Nel nostro programma offriamo elementi filtranti retrofit facili da installare. Tuttavia, la domanda è finora molto bassa. Ciò fa supporre che, nella pratica, questo tema tecnicamente rilevante riceva spesso poca o nessuna attenzione.

→ Qui il link diretto all’elemento filtrante retrofit a cui si fa riferimento:
https://viziotechnik.com/it-it/products/3-8-filter-retrofit-kit-for-angle-valves-with-3-8-connection-2-piece-set

Gestione dei reclami dal punto di vista tecnico

Una volta che una cartuccia è danneggiata, la sostituzione è generalmente la soluzione più sensata. Una pulizia può aiutare temporaneamente, ma non elimina i danni ai dischi ceramici. Anche il metodo, un tempo diffuso, del “leggero allentamento” della cartuccia può funzionare, ma richiede esperienza e comporta il rischio di nuove perdite.

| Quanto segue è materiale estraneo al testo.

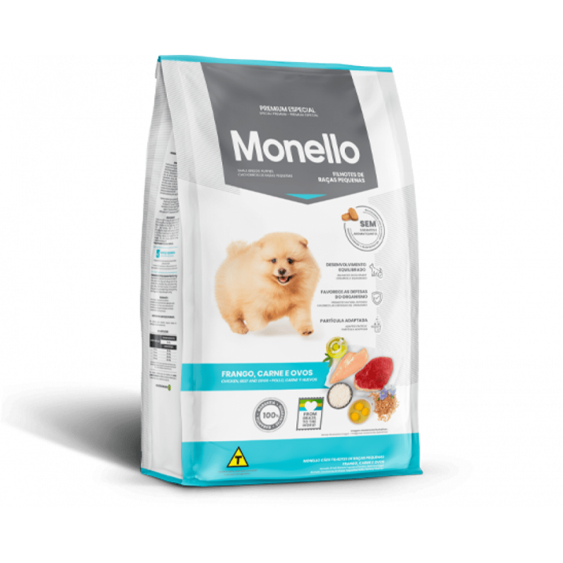 MONELLO PREMIUM CACHORROS DE RAZAS PEQUEÑAS – POLLO, CARNE Y HUEVOS Monello Cachorros Razas Pequeñas Pollo, Carne y Huevos es un producto completamente nuevo en la línea de alimentos. Con partícula adaptada, proporciona masticación fácil y una comida más sabrosa. La adición de aceite de salmón ayuda en la maduración cognitiva, necesaria para el crecimiento sano. La fórmula aún cuenta con la presencia de huevos en polvo. • Contiene Linasa, Aceite de salmón, huevo en polvo, MOS, Extracto de yucca schidigera, Y Hexametafosfato de sódio. • 30% proteína - 12% grasa - • 3,950 kcal/kg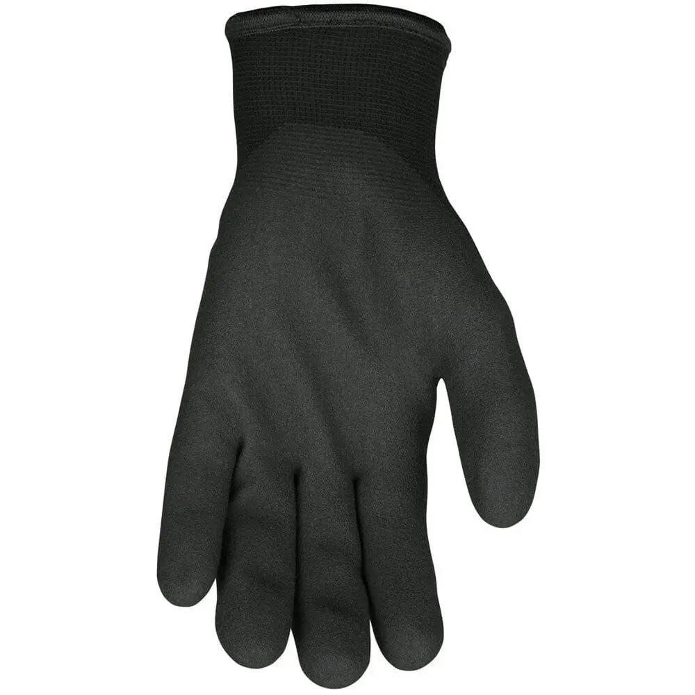 The MCR Safety Ninja Ice Insulated Work Glove is designed for extreme cold while providing a strong grip. It features a 15-gauge black nylon shell and a 7-gauge acrylic terry liner, making it ideal for cold storage applications such as commercial fishing, frozen food packaging, agriculture, and warehousing.

Soprattutto una cosa è importante: una cartuccia danneggiata non è una prova di scarsa qualità del prodotto, ma quasi sempre un’indicazione di errori di installazione o di messa in servizio.

Conclusione dalla pratica

La grande maggioranza dei reclami relativi a maniglie dure da azionare e rubinetterie che perdono è dovuta all’installazione. Rubinetterie di alta qualità come quelle VIZIO vengono testate in fabbrica al 100% per tenuta e funzionalità. Nessuna cartuccia difettosa lascia lo stabilimento.

Chi esegue risciacqui accurati, prende sul serio la tecnologia di filtrazione e procede a una messa in servizio corretta evita reclami, lavoro inutile e discussioni, garantendo nel lungo periodo clienti soddisfatti e rubinetterie perfettamente funzionanti.